In response to the Ekweremadu organ harvesting saga, I expect the four leading presidential candidates to come out with a healthplan like this that will eliminate the scourge from our society

Ayo Akinfe

[1] We live in a country whereby Nigerian general hospitals lack beddings, drugs and are characterised by filthy wards. To make matters worse, they are manned by unmotivated staff and of course our hospitals suffer from regular power cuts

[2] In the 1970s, under the Murtala/Obasanjo regime, there was a policy to municipalise healthcare by having one general hospital in each local government area. Maybe if that policy had been continued and backed up with funding, we might not have our current healthcare crisis

[3] Nigeria currently has 774 local government areas. If each one had a well funded general hospital, we would effectively by home and dry. I believe this is something we can fund through the existing budget if we want to.

[4] At the moment, Nigeria has 1.67 hospital beds per 1,000 patients compared with say six on Indonesia, 3.48 in Zambia, 3.35 in the Democratic Republic of Congo and the sub-Saharan average of 2.93. I want to see the 2023 presidential candidates pledge to halving that figure over an eight year period

[5] As things stand, we appear not really interested in healthcare, as we are somewhat content to leave this to the private sector. Unfortunately, private clinics are beyond the reach of most ordinary Nigerians. When you earn N30,000 a month, paying for healthcare simply cannot feature on your household budgetary plans. By the time you pay for food, housing, transport, your tithes and clothing, you will be penniless, talk less not of school fees

[6] Nigeria’s total annual budget is about $30bn, of which health accounts for less than 3%. In 2019 for instance, of the total N8.83trn budget, only N315bn or 2.78% went on healthcare. This is totally unacceptable as it actually breaches a commitment Nigeria made to the rest of the world, pledging 15% of her budget to healthcare

[7] In 2001, Nigeria hosted the African Union heads of state where they all signed the Abuja Declaration, under which the leaders pledged to commit at least 15% of their annual budgets to improving the health sector. Since the declaration, Nigeria has never voted more than 6% of its annual budget to the health sector. Sadly, the highest percentage of the budget dedicated to health since the declaration was in 2012 when 5.95% was allotted to the sector

[8] South Africa spends 7.44% of its budget on health. In Brazil it is 8.9% and in Mexico it is 5.8%. These are the standards in other developing nations we need to match

[9] Do you know that 75% of all health spending in Nigeria is private? Apparently, Nigeria spends comparatively less on health than other African countries because of low government spending in general according to Dr John Ataguba, a health economics researcher at the University of Cape Town. I agree with him, when your total annual budget for 200m people is a paltry $30bn, you are doomed. Just to put everything into context, the British NHS spends about $155bn on health in England alone annually.

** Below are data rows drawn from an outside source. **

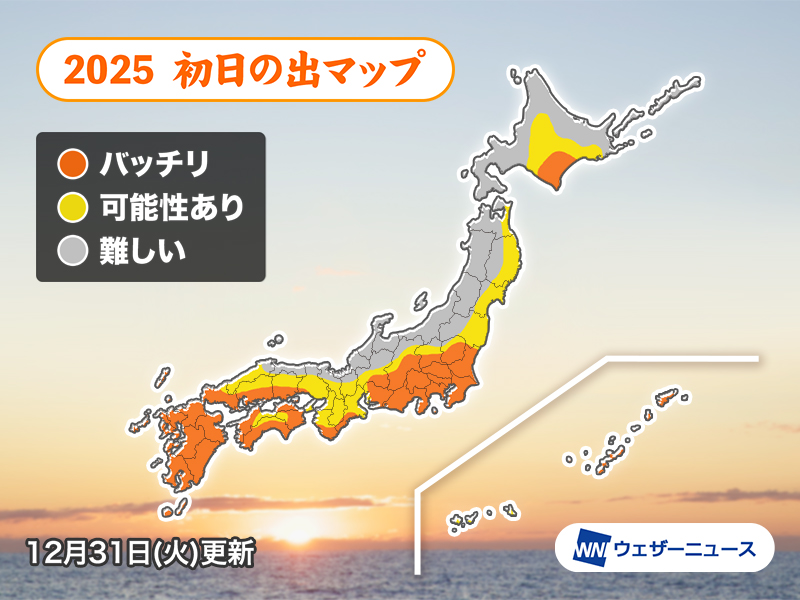 関東から西の太平洋側では晴れる所が多く、初日の出が見られるところが多そうです。ただ、京阪神では日本海から流れてくる雲により初日の出が遮られる可能性も考えられます。
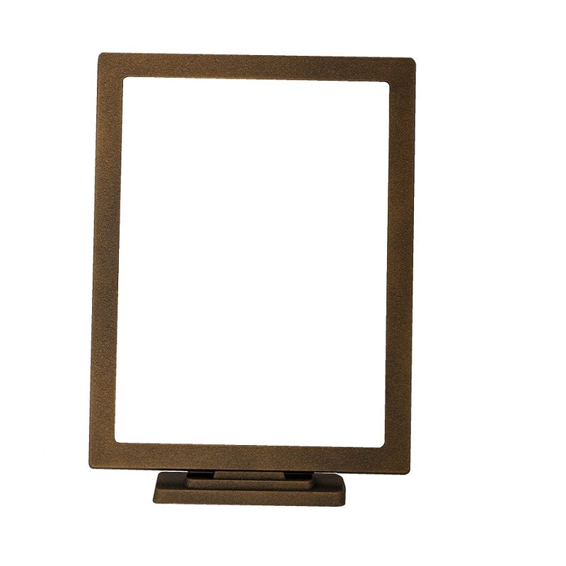 Κορνίζα μνημείου από αλουμίνιο παραλληλόγραμμη όρθια με βάση σε χρώμα λαδί και διάσταση : 11 x 15 εκ.
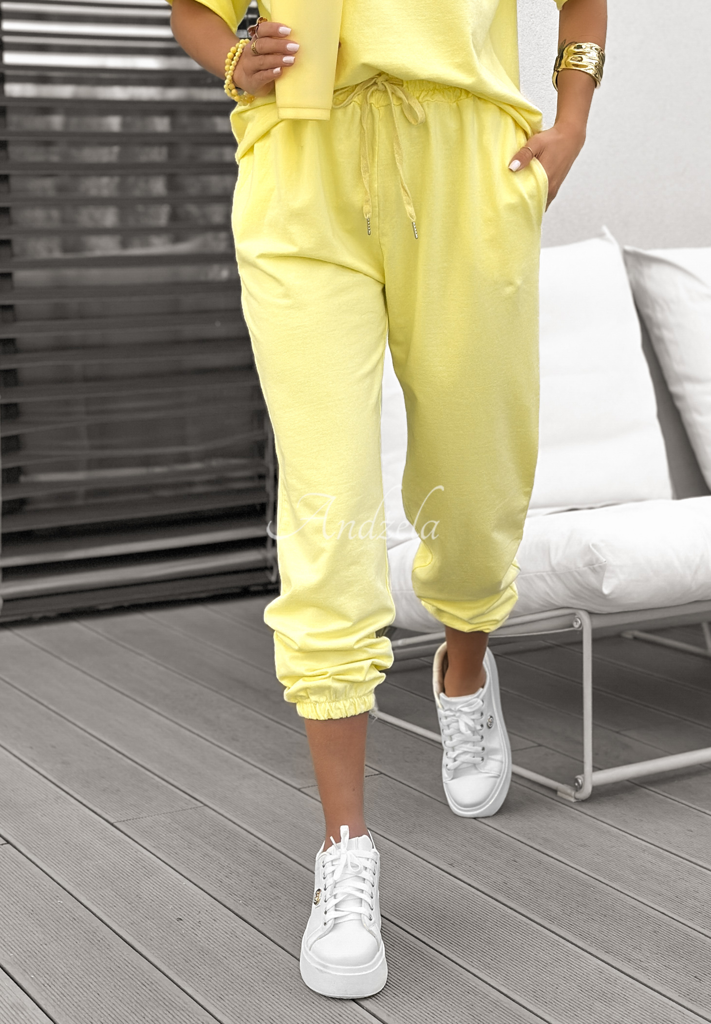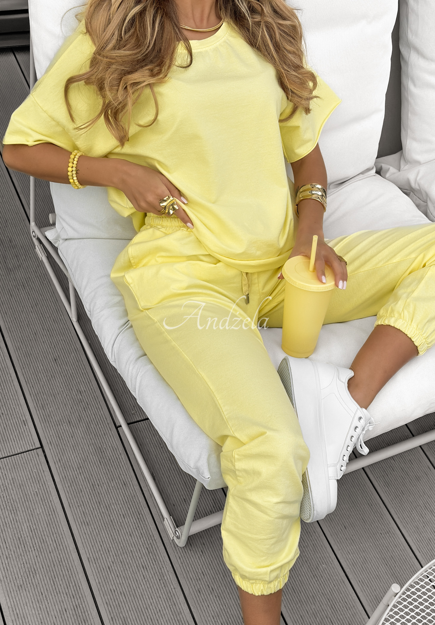 The tracksuit set is made of high-quality cotton material. The T-shirt is an oversize cut model with a rounded neckline and short sleeves. Pants of classic cut with a high waist, have functional pockets. They feature an elastic waistband with drawstring.
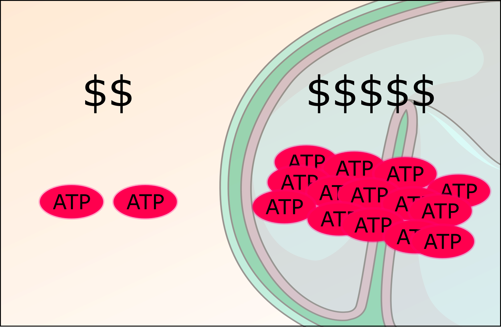Yeast cells have two major routes to get ATP from glucose: they can use only the glycolytic pathway and produce ethanol (low ATP yield), or also use the Krebs cycle and oxidative phosphorylation to completely oxidize glucose to CO2 and water (high ATP yield). However, following the high-yield strategy requires a substantially higher protein investment, therefore, undertaking a low-yield strategy might be more beneficial in high-glucose environments. (Illustration made using open-source icons from Bioicons)
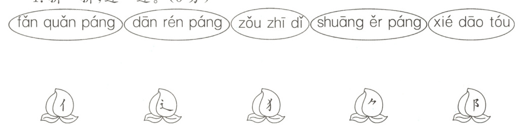 fǎn quǎn páng——犭 dān rén páng——亻 zǒu zhī dǐ——辶 shuāng ěr páng——阝 xié dāo tóu——⺈ [点评]本题考查拼音认读的能力及对偏旁名称的掌握。在读准拼音的基础上找出相对应的偏旁完成连线。
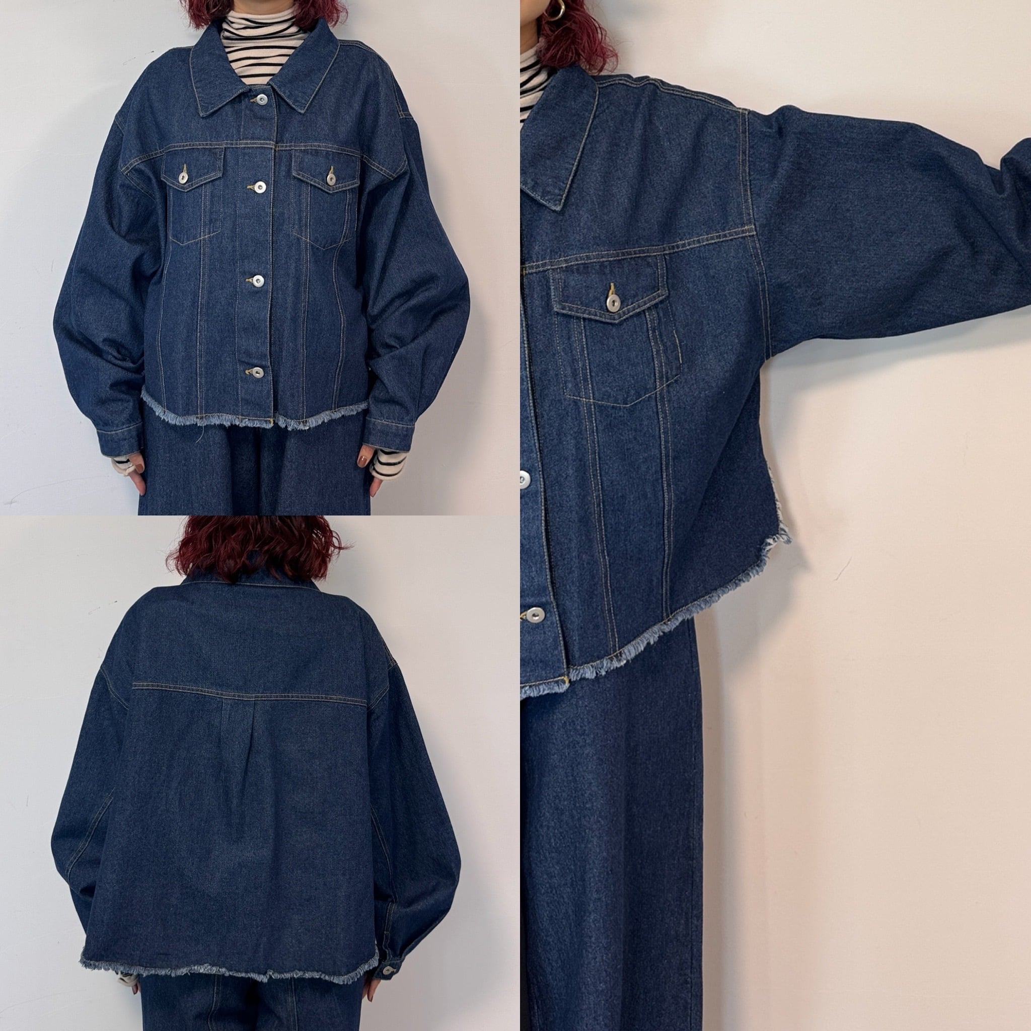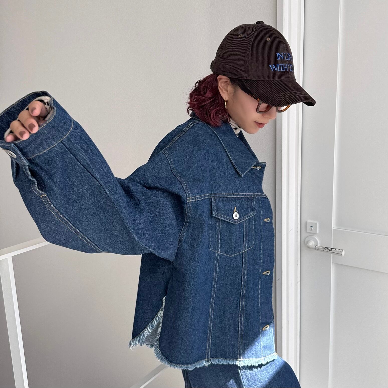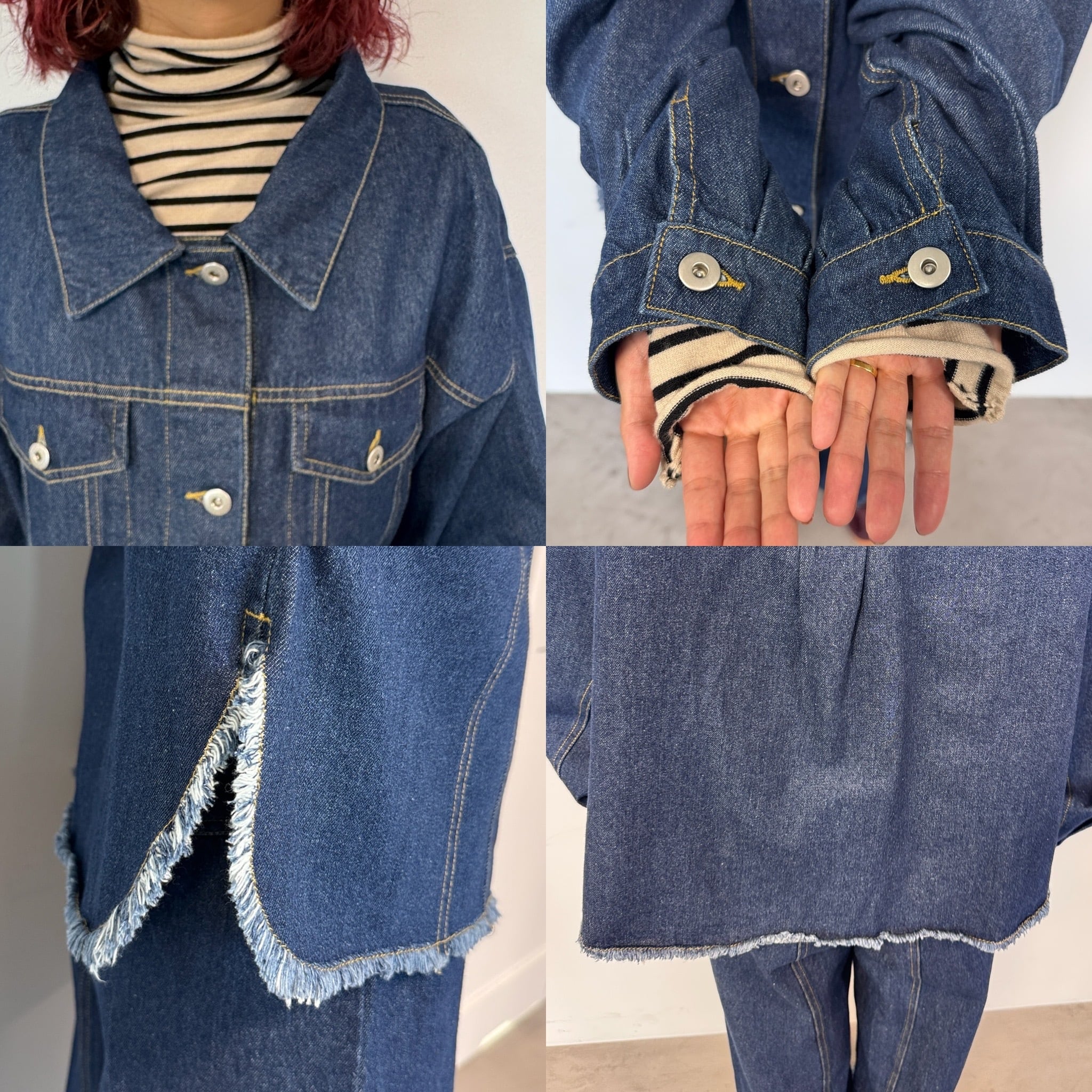 裾のフリンジデザインがポイントのデニムジャケット。身幅をたっぷりとる事によって厚手のニットなども着用いただけます。立体感のあるデザインで袖のボリュームも可愛く羽織としても重宝します。前後差やサイドスリットで抜け感のあるコーデに。
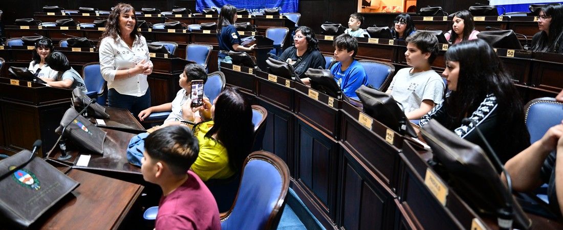 La actividad incluyó un recorrido por el recinto de sesiones y las distintas dependencias de la Cámara, permitiendo a las y los participantes conocer de cerca el funcionamiento del Poder Legislativo provincial y la importancia de las leyes en el ordenamiento de la sociedad.
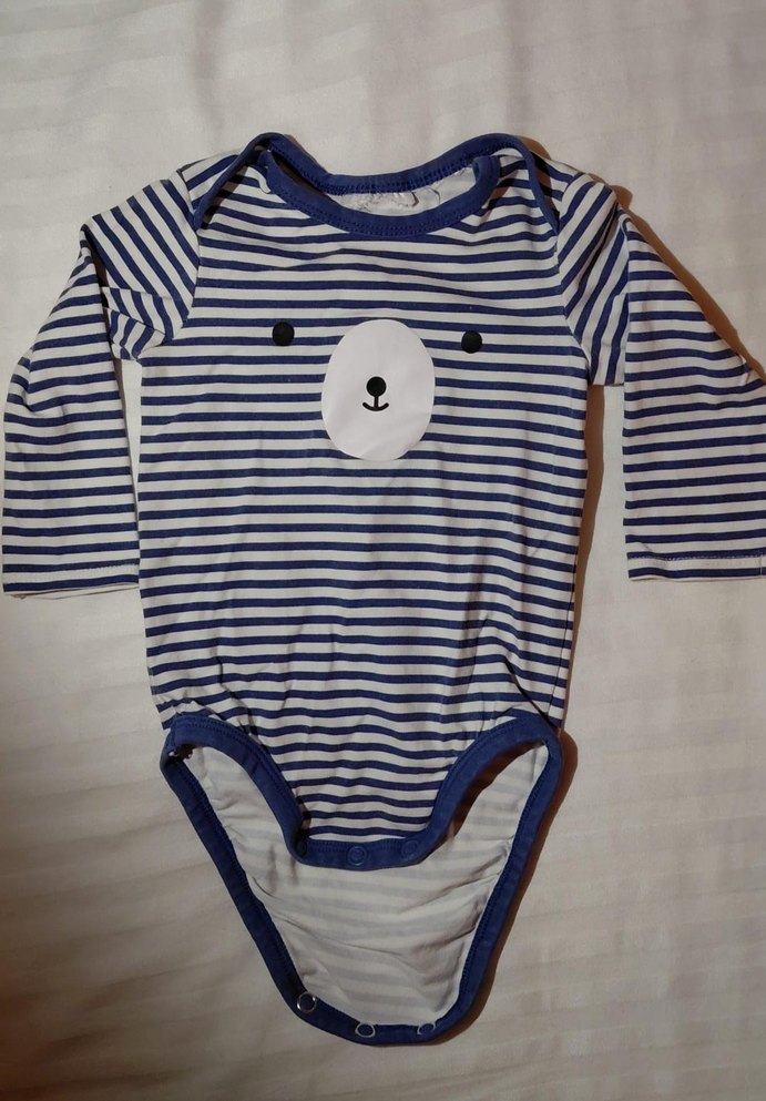 Uzun kollu, yuvarlak yaka, pamuklu bebek body. Mavi beyaz çizgili ve ayı yüzü desenli, düğmeli kapanışlıdır.
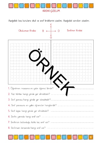 Aşağıdaki boş kutulara okul ve sınıf krokilerini çizelim. Aşağıdaki soruları çözelim.
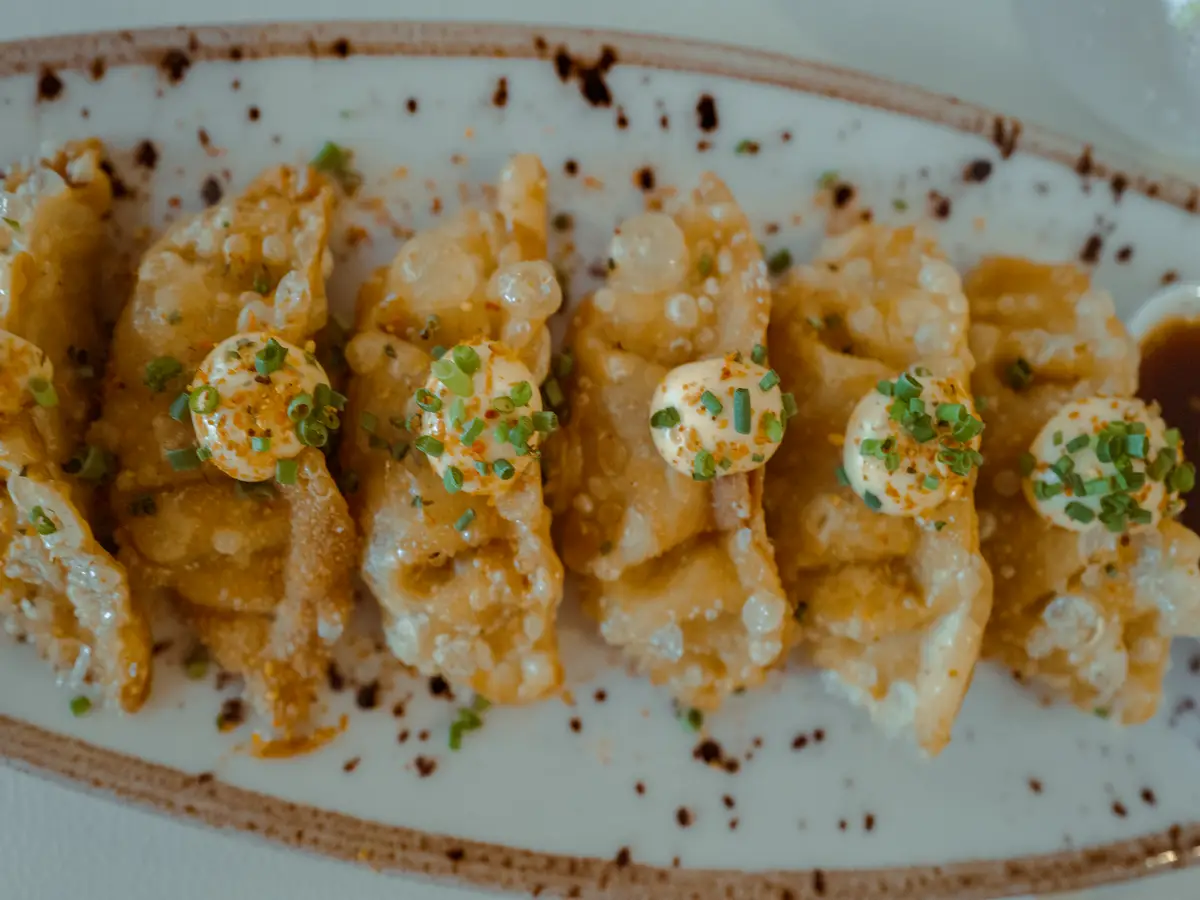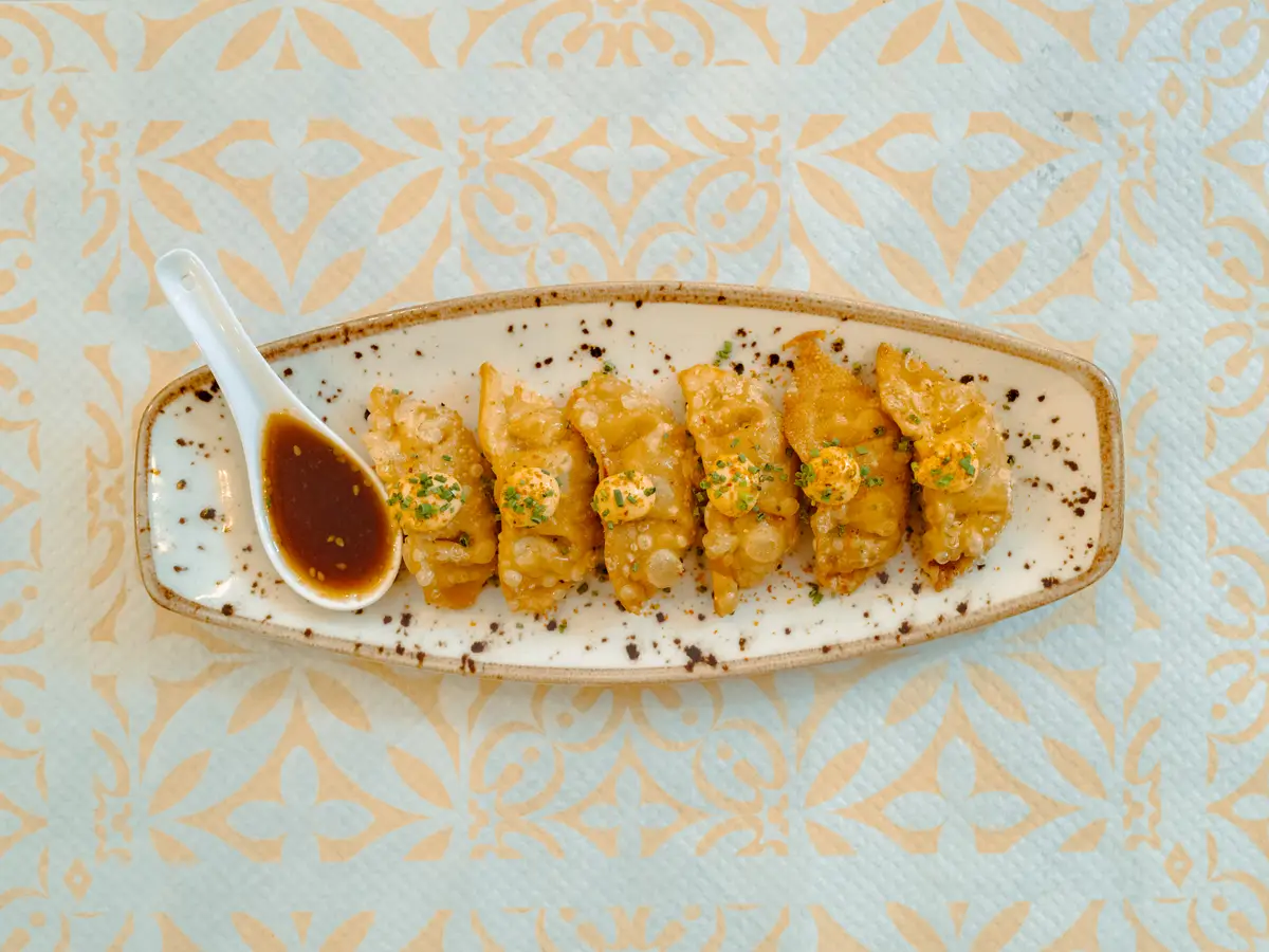 Gyozas de pato o verduras crujientes con salsa yakiniku y nanami togarashi.

[10] Bear in mind that health is not considered a basic need like food, clothing and shelter. It thus gets relegated to the background. I have not even delved into specialist secondary healthcare and the need for dedicated cardiac, renal, eye, dermatology, etc specialist hospitals as we are still struggling with primary healthcare. If we want to end the organ harvesting saga, we simply need to invest in healthcare!